Upaya penyehatan yang tengah dilakukan Danantara terhadap BUMN karya dinilai tidak cukup hanya mengandalkan restrukturisasi utang.
Pengamat Ekonomi dari Indonesia Strategic and Economic Action Institution (ISEAI) Ronny P. Sasmita menilai, akar persoalan yang membelit perusahaan konstruksi pelat merah justru berada pada tata kelola dan keputusan investasi yang telah berlangsung selama bertahun-tahun.
Restrukturisasi utang saja tidak cukup jika tidak diikuti perombakan model bisnis secara fundamental,”
kata Ronny kepada Owrite, Selasa, 4 Agustus 2026.
Akumulasi Keputusan Bisnis


Ia mengatakan, persoalan yang terjadi di BUMN karya bukan semata-mata dipicu perlambatan industri konstruksi, melainkan akumulasi keputusan bisnis yang tidak disiplin secara finansial.

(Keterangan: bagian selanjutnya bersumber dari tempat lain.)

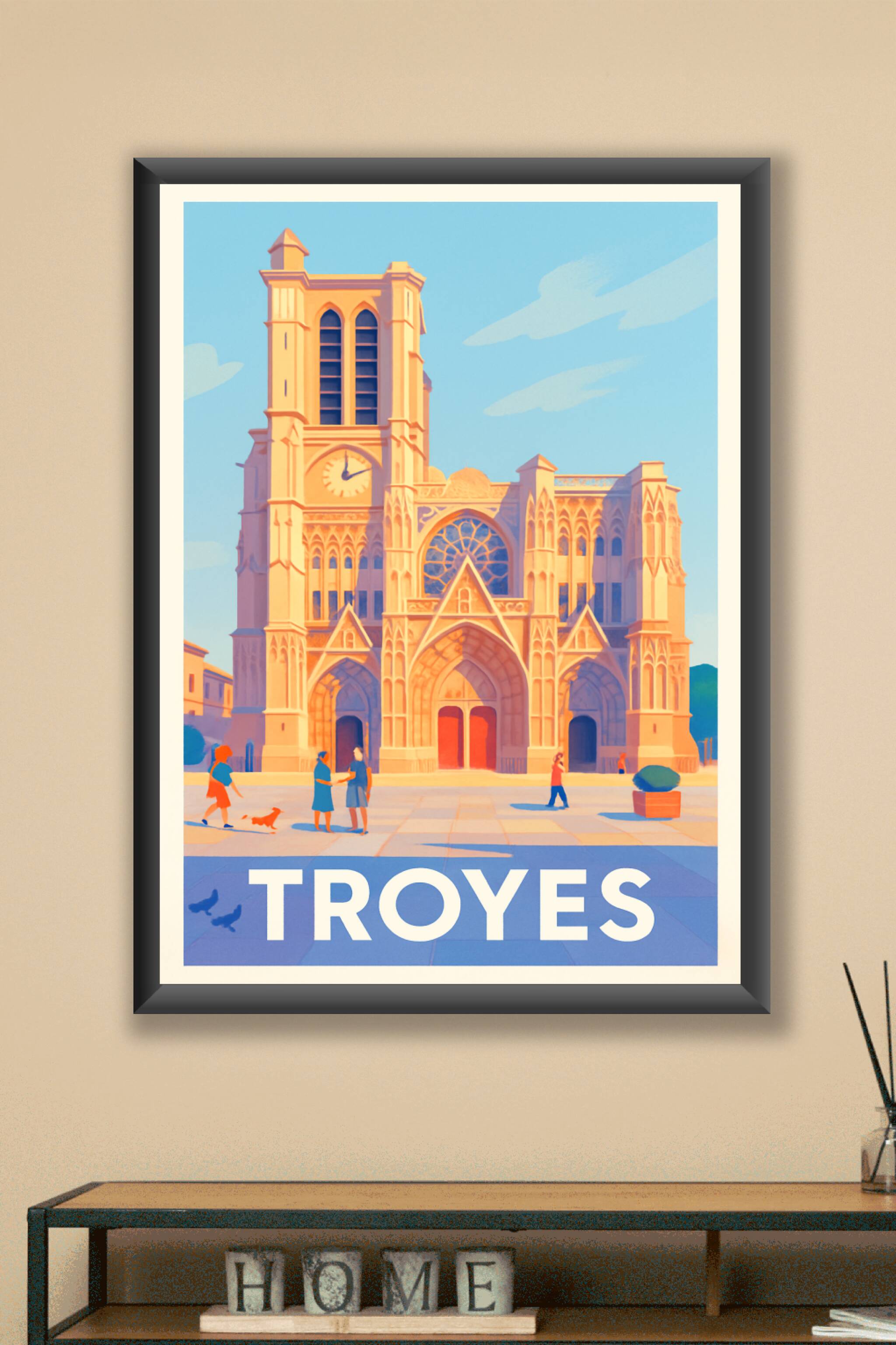 Découvrez la majesté de Troyes à travers cette affiche représentant l'emblématique cathédrale Saint-Pierre-et-Saint-Paul sous une lumière douce et ...
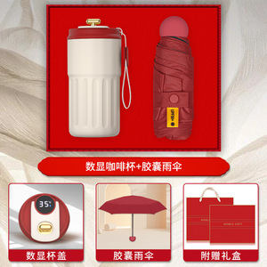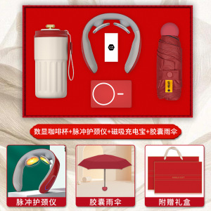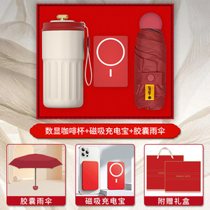 デジタルコーヒーカップ + ネックプロテクター + インターネット有名人の傘 + 磁気パワーバンク - レッド
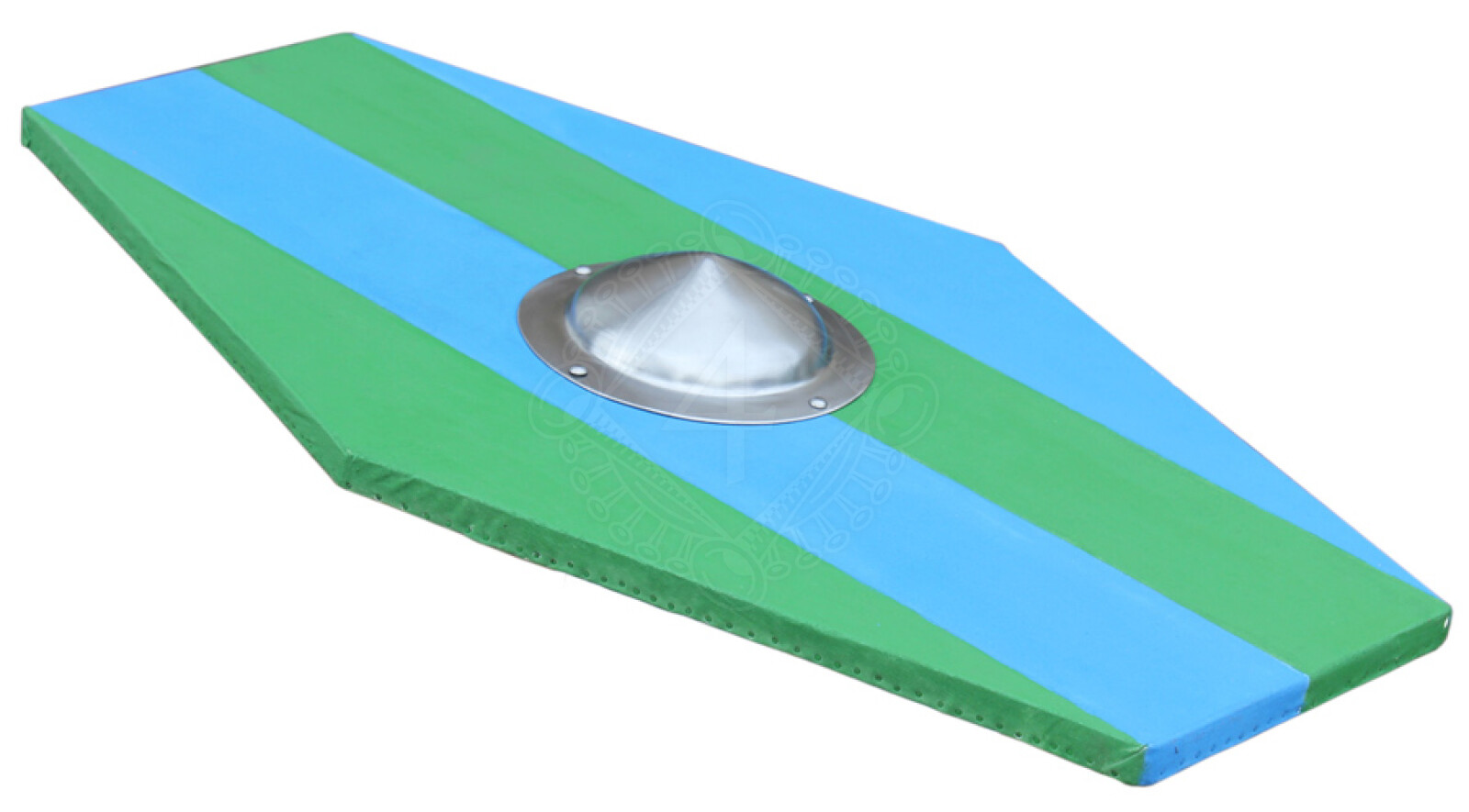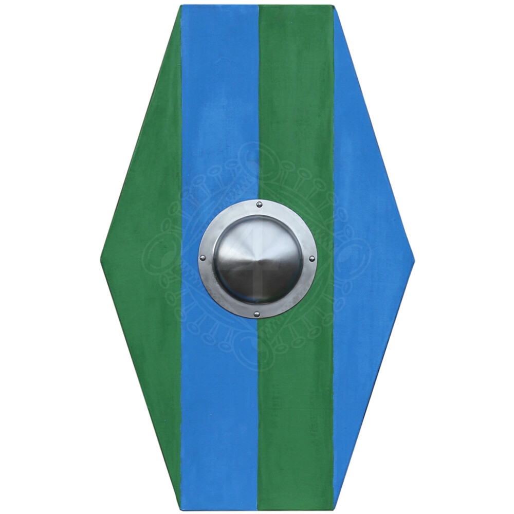 Manche Re-encators sagen, dass sich die sechseckigen Schilde mehr für individuelle kämpfen eignen, da sie eine gute Verteidigung gewährleisten, sind aber nicht ganz so gut für Bildung der 'Schildwand'. Dies macht Sinn, wie die früheren germanischen Stämme mehr Scharmützler und individuelle Kämpfer waren, während in der Migrationszeit im frühen Mittelalter die "Schildwand"-Taktik immer beliebter wurde. Der Germanische Schild ist aufgebaut aus aneinandergeleimten Holzbrettern die mit Leinen bespannt sind. In der Mitte des Schildes ist ein eiserner Schildbuckel, der die Hand des Kriegers schützt. Auf Wunsch kann der Schild mit einem eisernen Rand versehen werden.
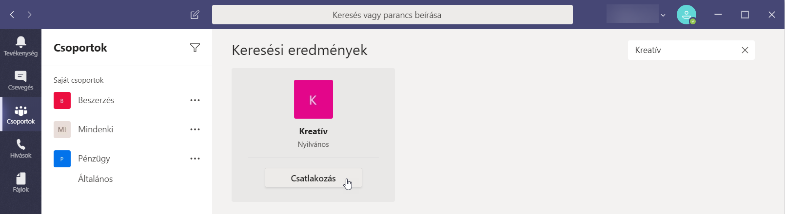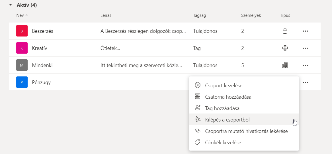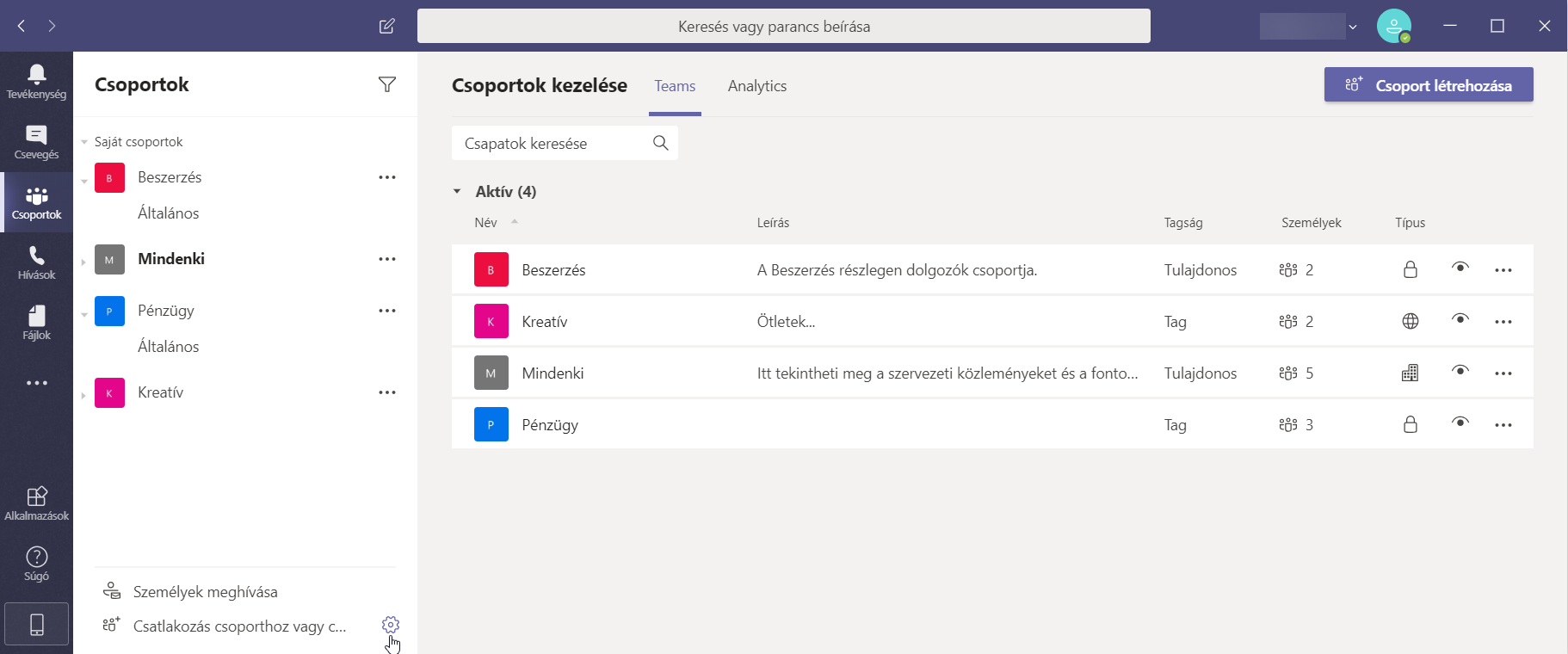 A csoportok megtekintéséhez kattintsunk a bal oldali sávon a Csoportok gombra!

Jika ditanya apakah ini murni faktor bisnis atau tata kelola, jawabannya jelas kombinasi, tetapi saya cenderung menilai persoalan tata kelola dan pengambilan keputusan masa lalu sangat dominan,”
ujarnya.
Menurutnya, selama ini banyak keputusan investasi dilakukan untuk mempercepat pembangunan, bukan berdasarkan perhitungan risiko dan tingkat pengembalian (risk-return calculation) yang sehat.
Di sisi lain, praktik ekspansi yang terlalu agresif, lemahnya manajemen proyek, serta ketergantungan pada pembiayaan utang semakin memperburuk kondisi keuangan perusahaan.
Kerugian yang terjadi bukan hanya akibat siklus industri konstruksi, tetapi juga konsekuensi dari akumulasi keputusan yang tidak disiplin secara finansial,”
bebernya.
Perubahan Model Bisnis


Karena itu, ia menilai penyehatan BUMN karya harus dibarengi dengan perubahan model bisnis dan perbaikan tata kelola agar persoalan serupa tidak kembali terulang.
Sebelumnya, Kepala Badan Pengaturan (BP) BUMN sekaligus Chief Operating Officer (COO) Danantara Dony Oskaria mengakui kondisi keuangan sejumlah BUMN masih menghadapi tekanan berat.
Ia mengatakan proses penyehatan harus dilakukan secara bertahap karena keterbatasan sumber daya.
Dony juga mengungkapkan persoalan serupa terjadi di sektor properti. Ia mencontohkan PT PP Properti Tbk yang harus melakukan impairment aset dalam jumlah besar sebelum dapat dipulihkan.
Empat emiten BUMN konstruksi, yakni PT Wijaya Karya (Persero) Tbk (WIKA), PT PP (Persero) Tbk (PTPP), PT Adhi Karya (Persero) Tbk (ADHI), dan PT Waskita Karya Tbk (WSKT), tercatat membukukan rugi bersih sepanjang 2025.
Total kerugian keempat perusahaan tersebut mencapai sekitar Rp25,1 triliun, dengan beban utang yang masih tinggi dan diperkirakan masih berlanjut pada 2026.